While the disarmament programme of the ANBP was successful when it came to accounting for and disposing of heavy weaponry (Gossman, 2009, p. 5), it was far less so when it came small arms. Of all weapons registered in the hands of militias, only 56% were returned and disposed of. Of which, most consisted of either old and unserviceable weapons, or cheap Pakistani imitation copies.
Non-compliance at the disarmament stage can somewhat be blamed on the wider context in Afghanistan. The country, traditionally, holds a “strong gun culture” (Muggah & O’Donnell, 2015, p. 7), whereas even non-combatants have access to firearms and use them for to protect their farms, livestock and property. Furthermore, the Afghani borders with Iran and Pakistan are exceptionally porous, meaning there was ample opportunity for combatants to acquire cheap weapons to submit to Disarmament programmes or to quickly replace any weapons disposed of. Ex-combatants were also demotivated to disarm as cash rewards for weapons were either never granted or were misappropriated by commanders.

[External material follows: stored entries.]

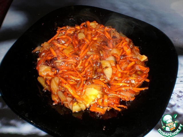 Лук нарезать мелко, морковь натереть. Обжарить на растительном масле до мягкости, затем добавить наш соус и протушить 5 минут, помешивая.
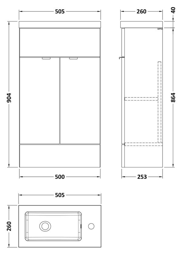 Hudson Reed Fusion 500mm Pebble Grey Vanity Unit & Basin With Handles
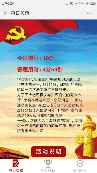 农林工程党支部“不忘初心 永葆本色”在线知识测试活动圆满完成
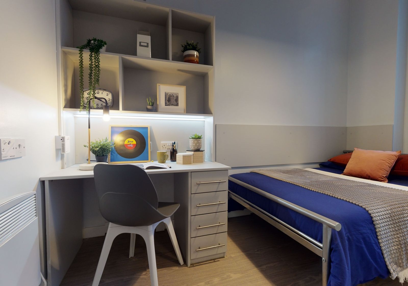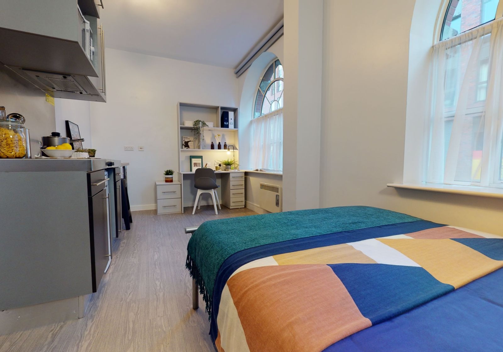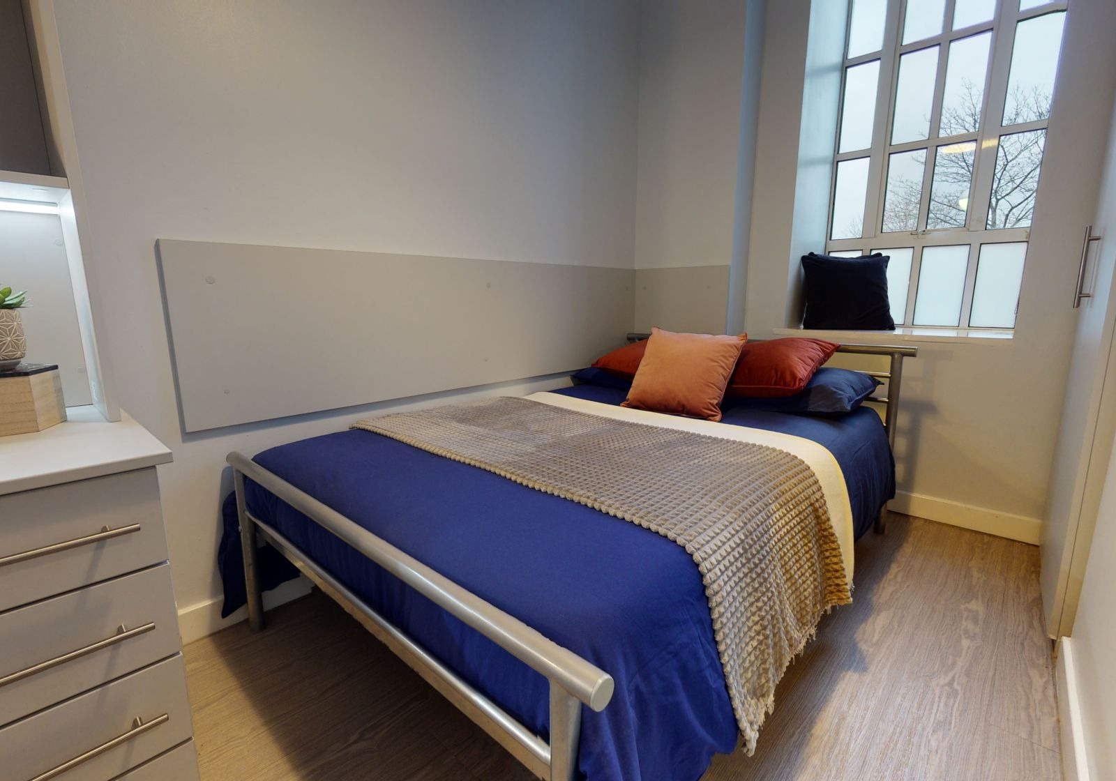Our top-of-the-range rooms in the renovated factory chic of Studios 51, offering contemporary high-spec finish, sofa and more. With all this space, your own private kitchen and bathroom, double bed and stylish interior, you’ll have the best student living experience possible in our top-end room.

Further adding to the motivations for non-compliance, an important security dilemma existed for ex-combatants formally enrolled in the ANBP. Many rival militias were not targeted by the program and remained armed. Security Sector Reform lagged behind established targets and Afghanistan had no effective police or army during this time period, as such it was up to ex-combatants to ensure their own personal security.

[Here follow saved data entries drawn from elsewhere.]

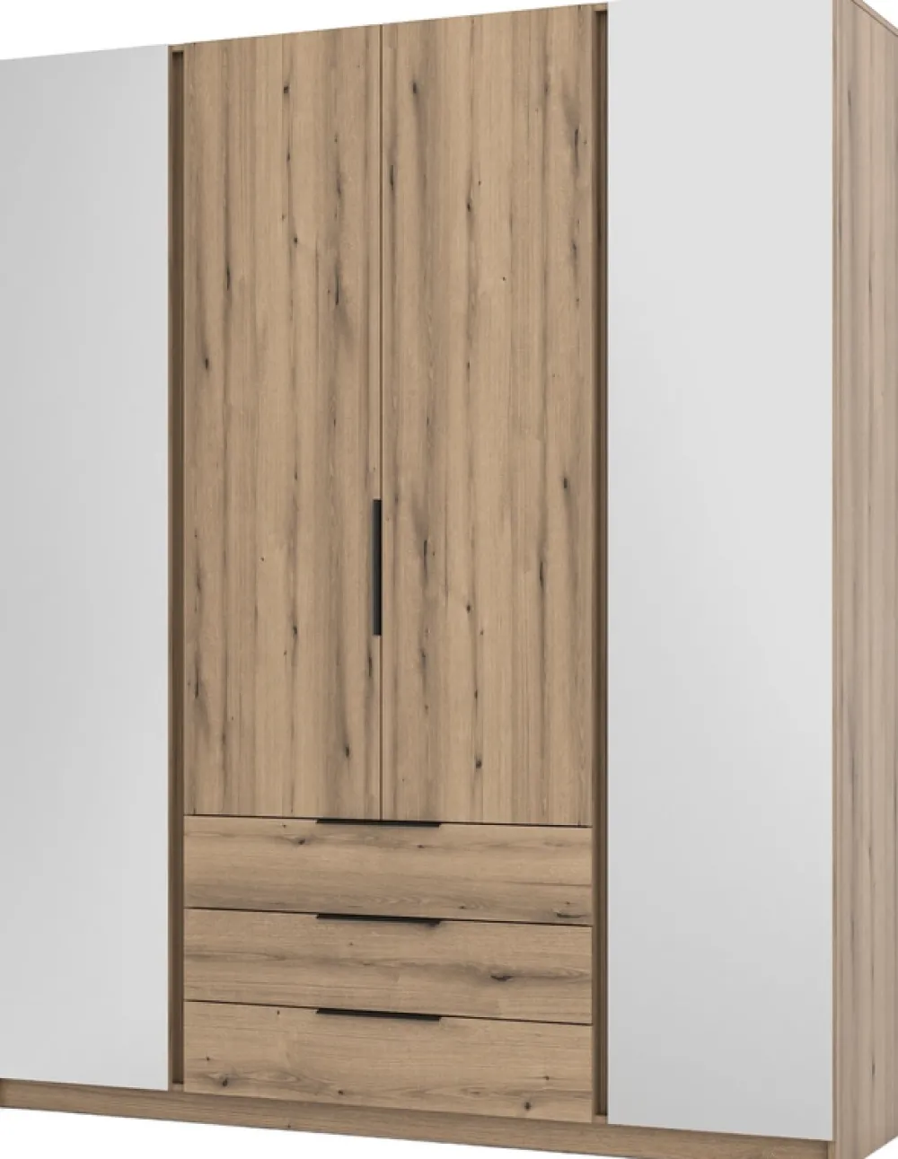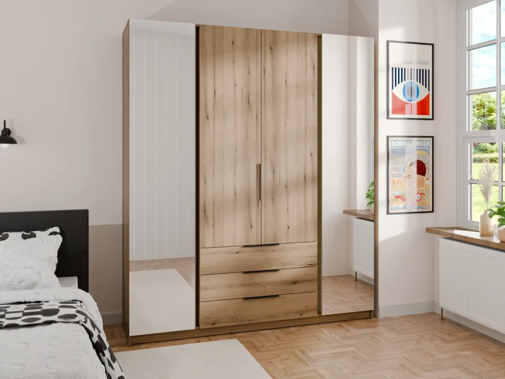 Szafa została zaprojektowana z myślą o wygodzie użytkowania i optymalnym wykorzystaniu przestrzeni. Cztery drzwi, osadzone na solidnych zawiasach puszkowych, gwarantują łatwy dostęp do wnętrza szafy. Dodatkowo trzy szuflady poruszające się na prowadnicach kulkowych umieszczone są w dolnej części, oferując przestrzeń na drobniejsze przedmioty i akcesoria, co ułatwia organizację i segregację zawartości.
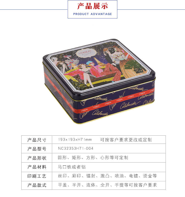- 型号:NC2604A-003 尺寸:155x108xH50mm 材质:马口铁 用途:金属化妆品盒
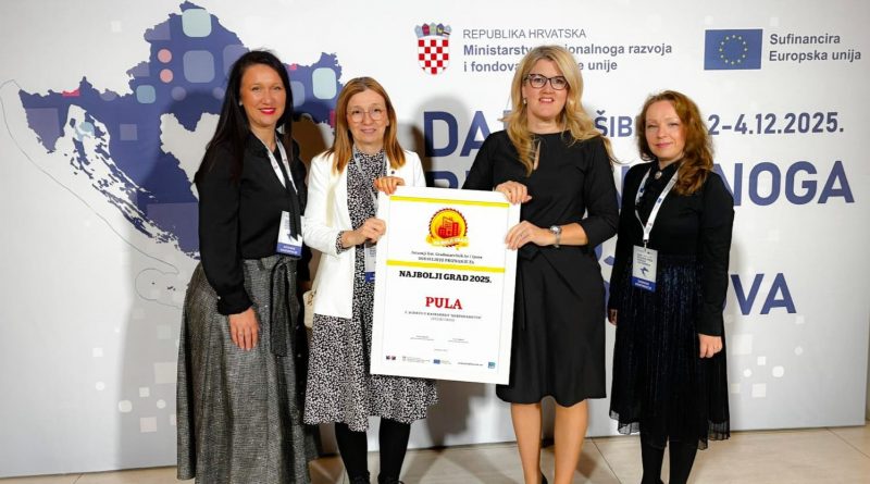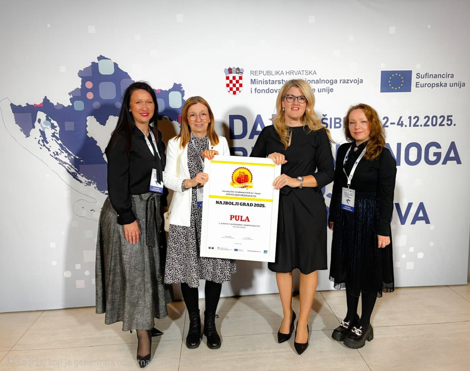 Grad Pula – Pola osvojio drugo mjesto „Najbolji grad 2025.“ u kategoriji Gospodarstvo
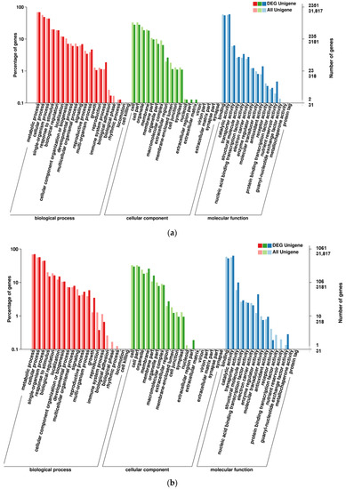 GO enrichment of DEGs in two compared groups. (a). T01-vs.-T02 compared group. (b). T04-vs.-T03 compared group.
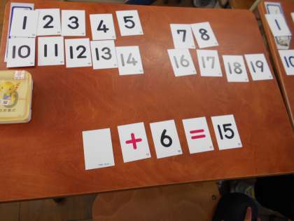 今日の算数は「かずあてゲーム」をしました。カードをたし算の式となるように並べ,裏返した1枚の数を考えます。
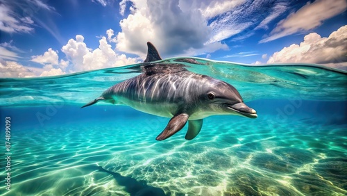Obraz premium Majestic dolphin swimming gracefully in the crystal clear ocean waters,...
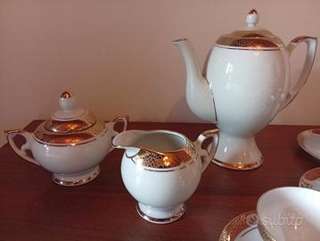 In vendita splendido completo da tè vintage marca Bavaria con bordi dorati, con 5 tazze, molto ben tenuto, euro 100,00 trattabili, zona Pordenone.

Mistrust was also an important factor in non-compliance with the disarmament process since “a number of political leaders tried to bolster their position by spreading the word that the entire agreement was designed to allow foreign forces to disarm the mujahidin and then put them on trial” (Gossman, 2009, p. 13). Ethnic tensions played a role as well. Tajik Affiliated Militias suspected the DDR programme was biased in favour of the Pashtun and were, consequently, fearful of disarming. While Uzbek affiliated militias, in the northeast of Afghanistan, feared disarming on suspicions that the programme was biased in favour of Tajiks.
By and large, the demobilization efforts of the ANBP failed to cut the social links between combatants and commanders. Many militias which were officially demobilized remained in practice, causing multiple security incidents. At the level of high command, non-compliance resulted from a lack of enforcement of demobilization incentives. For instance, many parties managed to circumvent the Political Parties Law, which barred from elections parties associated with militias, with the aim of driving them to demobilize. Moreover, a blind eye was turned to the illegal militias maintained by several commanders granted political posts.

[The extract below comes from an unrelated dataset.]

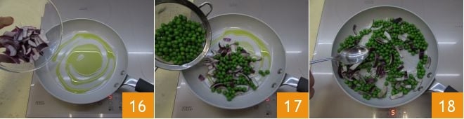 En una sartén, vierte aceite de oliva virgen extra junto con las cebollas 16 y déjalas chisporrotear un instante, luego añade los guisantes 17 y unas cucharadas de agua para prolongar la cocción 18, necesitarás unos diez minutos, solo el tiempo suficiente para ablandarlos un poco. La cocción de la cebolla suavizará el sabor, si prefieres un sabor más intenso no la cocines; si utilizas guisantes congelados, déjalos en agua caliente durante unos diez minutos antes de cocinarlos.

In many cases, reintegration packages reinforced the pre-DDR chain of command rather than weakening it. Literacy courses and vocational training would be hosted in the residences of former high commanders, and business activities would be supported by their patronage and illegal smuggling networks.
Financial demobilization incentives offered for high level commanders were adequate, with Dennys (2005, p. 2) describing them as being even more generous than necessary, as most of them had already enough economic and social capital to ensure successful economic survival. Low and mid-level commanders were not the subjects of the same generous policies, as they were offered the same packages offered to common combatants. This led to lowered incentives for demobilisation, as not only would these mid-level commanders face economic disadvantage by demobilizing and disengaging from their militias, they would also face a loss of social status and prestige. Many former combatants interviewed by Zyck (2009, p. 122) reported perceived loss of prestige, dignity and respect as an obstacle to demobilization.
At the level of the rank and file, issues with the planned reintegration packages also hampered demobilization efforts. In certain areas, the long wait times between the disarmament and reintegration phases of the DDR programme led many soldiers to remain close to their militia leaders or forgo demobilization all together. Post-disarmament, combatants were given two months’ worth of food aid, while they had to wait for up to six months for their reintegration process, this led them to seek financial assistance through former commanders or support themselves through criminal enterprises (Dennys, 2005, p. 5).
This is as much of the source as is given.